Posted on March 8, 2013

Court to DHS: Hand over ‘Stealth Amnesty’ Docs

WND, March 7, 2013

A federal court ruled the Obama administration must turn over records related to its policy of suspending some deportations of illegal aliens, which critics have called “stealth amnesty.”

The Department of Homeland Security violated the Freedom of Information Act by failing to hand over relevant records to the D.C. watchdog group Judicial Watch, ruled Judge Colleen Kollar-Kotelly of the U.S. District Court for the District of Columbia Feb. 28.

Judicial Watch said documents it previously uncovered show DHS officials misled Congress and the public about the scope of changes in its immigration enforcement policy.

The new policy gave wide latitude to local immigration officials to dismiss illegal alien deportation cases, including the dismissal of charges against illegals convicted of violent crimes.

“This ruling shows the Obama administration is willing to go to any extent — including gaming the courts — to continue stonewalling the full story of its lawless release of illegal aliens,” stated Judicial Watch President Tom Fitton.
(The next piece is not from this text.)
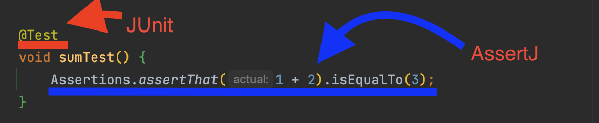 테스트 코드를 작성할 때 우리는 JUnit 과 AssertJ 에서 제공하는 기능 둘 다 사용한다.

“Now, with the prison floodgates being thrown open to illegal aliens under the phony pretense of abiding by sequester cuts, it is more important than ever that Obama’s hand be revealed,” he said.

{snip}

Since mid-February, the Obama administration has released from jail more than 2,000 illegal aliens facing deportation, the Associated Press reported. The administration reportedly plans to release 3,000 more this month.

{snip}

In its Feb. 28 decision, the District Court ruled DHS had continued to improperly withhold a substantial number of documents under the “attorney-client” and attorney “work-product” privileges.

The court declared that each of the documents “appears to concern nothing more than the implementation of an agency policy.”

Withholding the documents, the court said, runs counter to the D.C. Circuit’s earlier admonition that a government attorney’s advice on political, strategic or policy issues is not shielded from disclosure by the attorney-client privilege.